What the task asks: Give back the lines below exactly, but do not include any pictures.
•••••
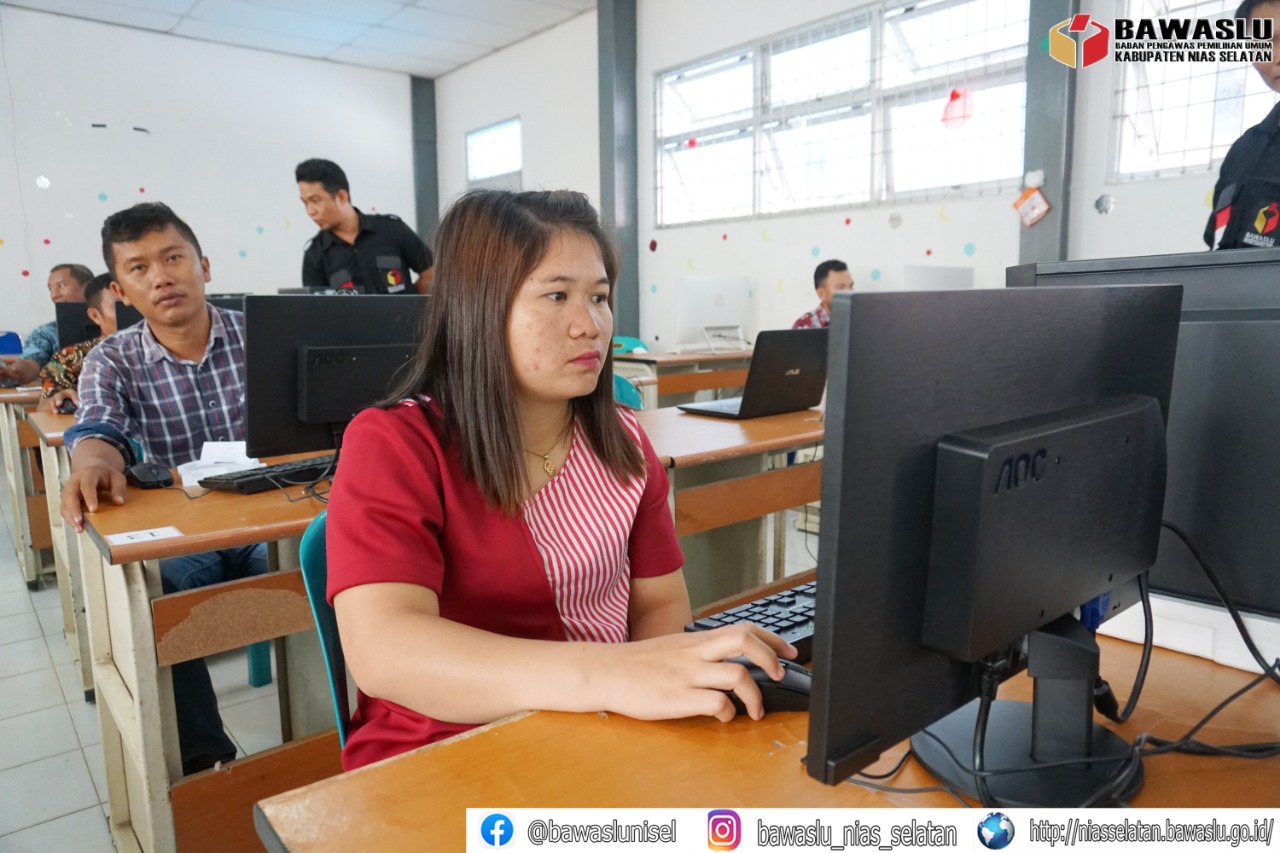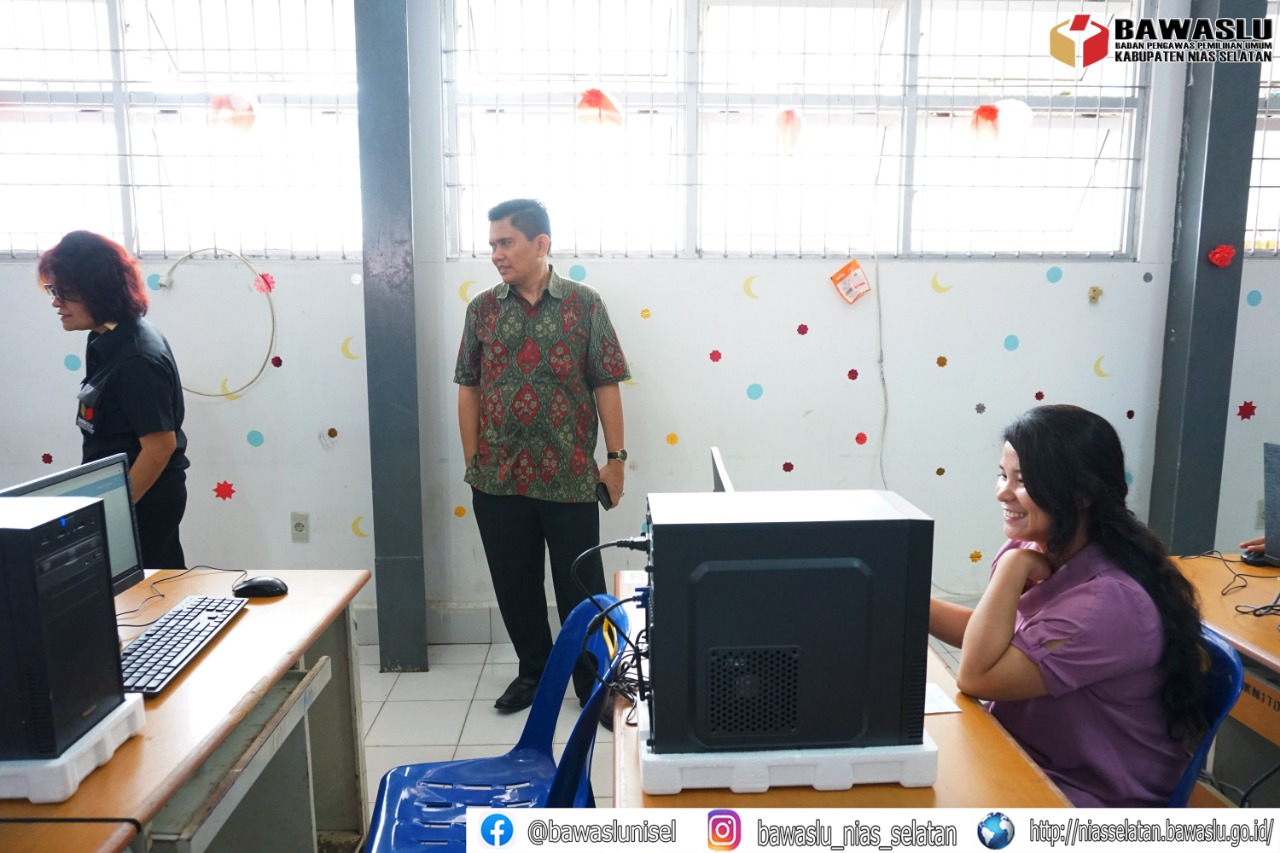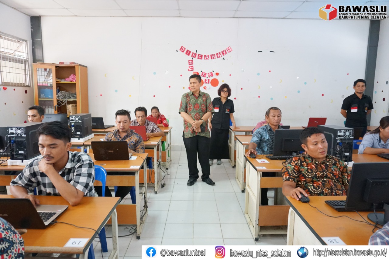 Niasselatan, Bawaslu - Anggota Bawaslu Sumatera Utara, Bapak Suhadi Sukendar Situmorang beserta staf melaksanakan monitoring pada tahap ujian berbasis komputer dan tes wawancara yang diselenggarakan oleh Bawaslu Kabupaten Nias Selatan di SMA dan SMK Negeri 1 Telukdalam serta di Kantor Bawaslu Nias Selatan. Ujian Basis Komputer dan tes wawancara tersebut sebagai rangkaian proses perekrutan Panwas Kecamatan yang memiliki integritas tinggi di Kabupaten Nias Selatan.
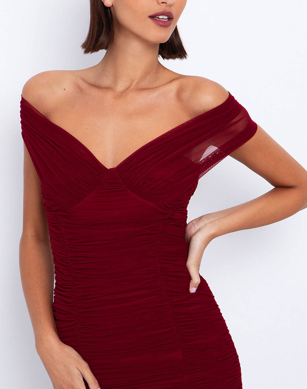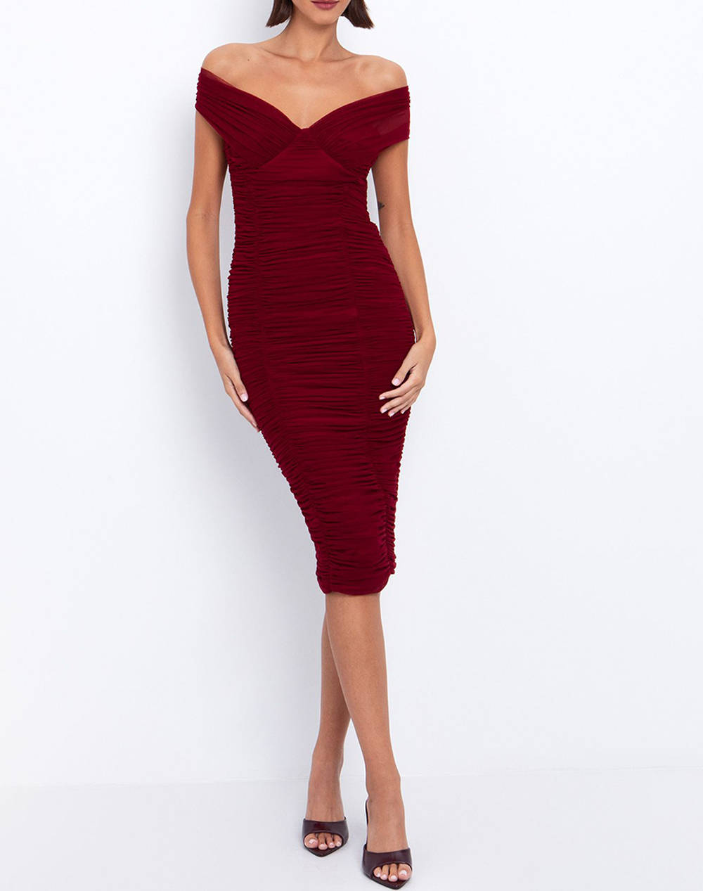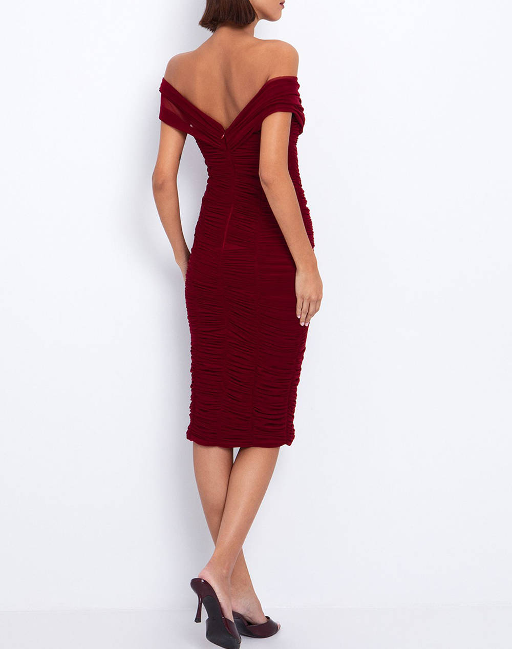 Women's midi dress, fitted, solid color, with exposed shoulders, ruched design, V-neckline and back closure with hidden zipper. (Composition: 92% Polyamide, 8% Elastane)
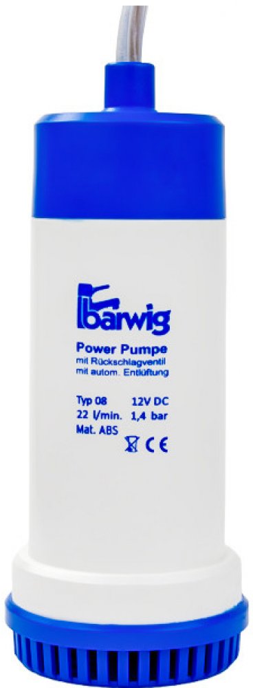 * Výkonné ponorné čerpadlo vhodné pro mobilní použití. Napájení z vhodného síťového zdroje (6-12 V), autobaterie nebo ze solárního modulu. Při napájení 12 VDC je možný max. provoz 30 min. Trvalý provoz je možný u Typu BWV 04 (obj.č. 539090) s podmínkou napájení 6 až 9 V a vodního chlazen
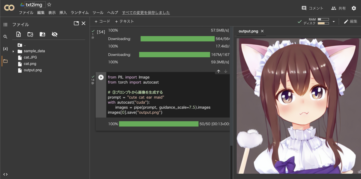 実例1のコードに対して利用したモデルを指定するだけで、Stable Diffusion標準モデル以外のWaifuやTrinartなどのモデルが使える。プロンプトは「cute cat ear maid」に変更している。
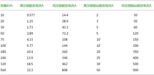 ①一次熔丝的额定电流按变压器额定电流的倍数选定,10-100kVA变压器为1-3倍;100kVA以上变压器为1.5-2倍。
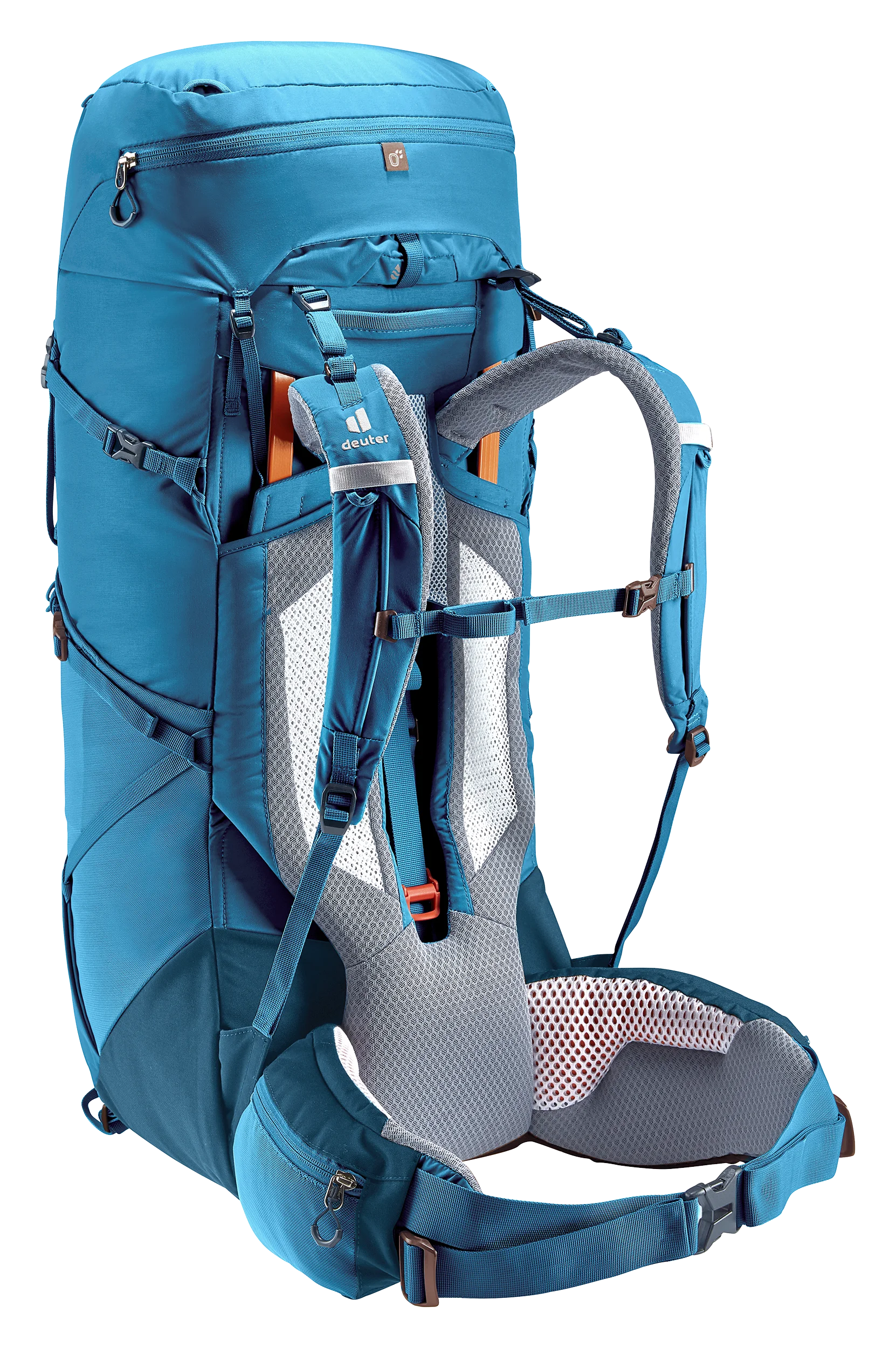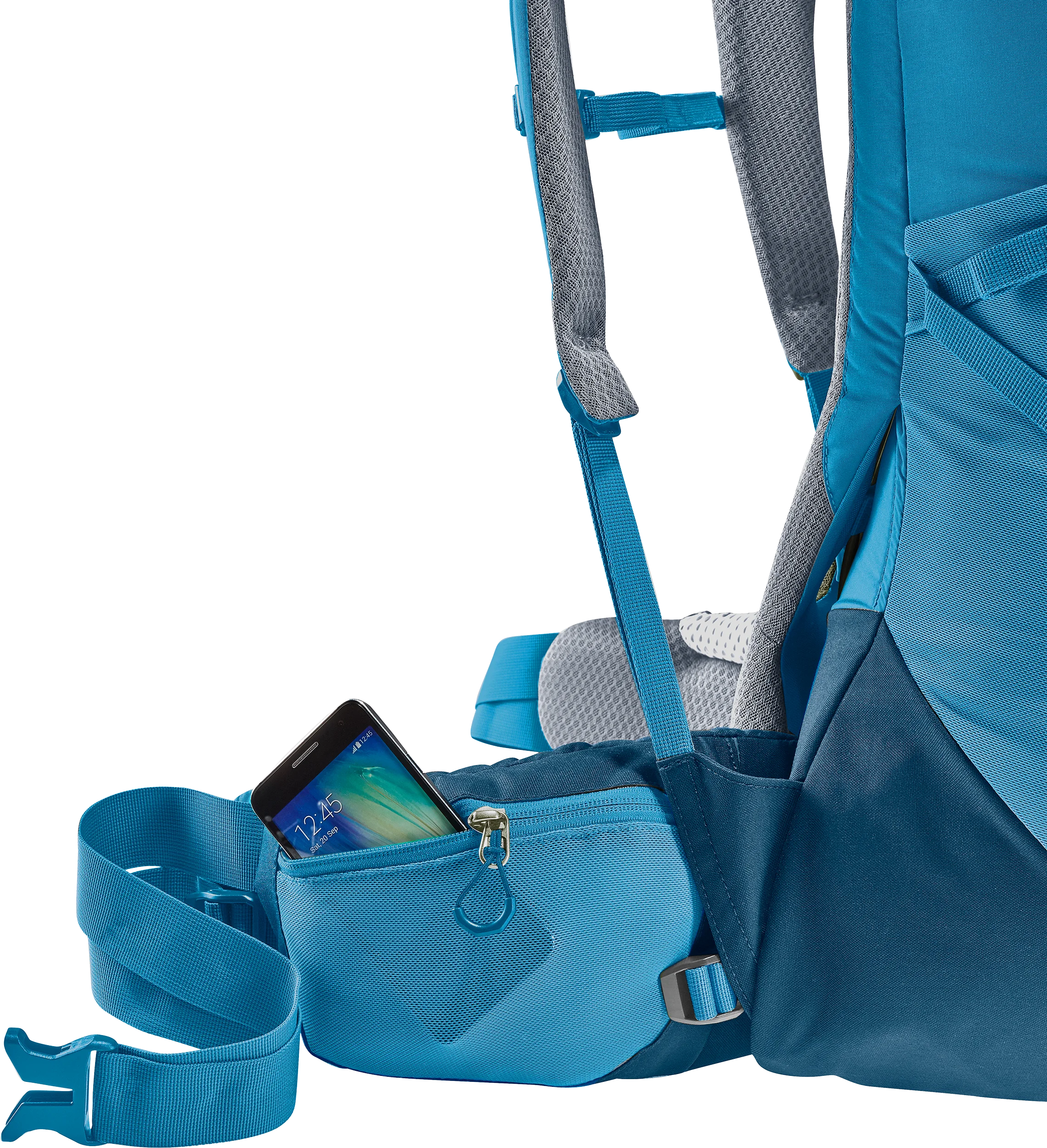 This comfortable pack is very versatile thanks to modular gear straps that can be positioned to attach a range of items depending on the undertaking or the gear you need to take. Its superior carry comfort is down to the deuter Aircontact back system with Air Spacer mesh and a large ventilation channel, plus ergonomic ActiveFit shoulder straps and an adjustable sternum strap. The Y-shaped frame in combination with mobile hip fins that wrap around the hips and deuter’s ergonomic trapezoid-shaped lumbar pad combine to effectively distribute and stabilize the load.
•••••
Task solution:
 Niasselatan, Bawaslu - Anggota Bawaslu Sumatera Utara, Bapak Suhadi Sukendar Situmorang beserta staf melaksanakan monitoring pada tahap ujian berbasis komputer dan tes wawancara yang diselenggarakan oleh Bawaslu Kabupaten Nias Selatan di SMA dan SMK Negeri 1 Telukdalam serta di Kantor Bawaslu Nias Selatan. Ujian Basis Komputer dan tes wawancara tersebut sebagai rangkaian proses perekrutan Panwas Kecamatan yang memiliki integritas tinggi di Kabupaten Nias Selatan.
 Women's midi dress, fitted, solid color, with exposed shoulders, ruched design, V-neckline and back closure with hidden zipper. (Composition: 92% Polyamide, 8% Elastane)
 * Výkonné ponorné čerpadlo vhodné pro mobilní použití. Napájení z vhodného síťového zdroje (6-12 V), autobaterie nebo ze solárního modulu. Při napájení 12 VDC je možný max. provoz 30 min. Trvalý provoz je možný u Typu BWV 04 (obj.č. 539090) s podmínkou napájení 6 až 9 V a vodního chlazen
 実例1のコードに対して利用したモデルを指定するだけで、Stable Diffusion標準モデル以外のWaifuやTrinartなどのモデルが使える。プロンプトは「cute cat ear maid」に変更している。
 ①一次熔丝的额定电流按变压器额定电流的倍数选定,10-100kVA变压器为1-3倍;100kVA以上变压器为1.5-2倍。
 This comfortable pack is very versatile thanks to modular gear straps that can be positioned to attach a range of items depending on the undertaking or the gear you need to take. Its superior carry comfort is down to the deuter Aircontact back system with Air Spacer mesh and a large ventilation channel, plus ergonomic ActiveFit shoulder straps and an adjustable sternum strap. The Y-shaped frame in combination with mobile hip fins that wrap around the hips and deuter’s ergonomic trapezoid-shaped lumbar pad combine to effectively distribute and stabilize the load.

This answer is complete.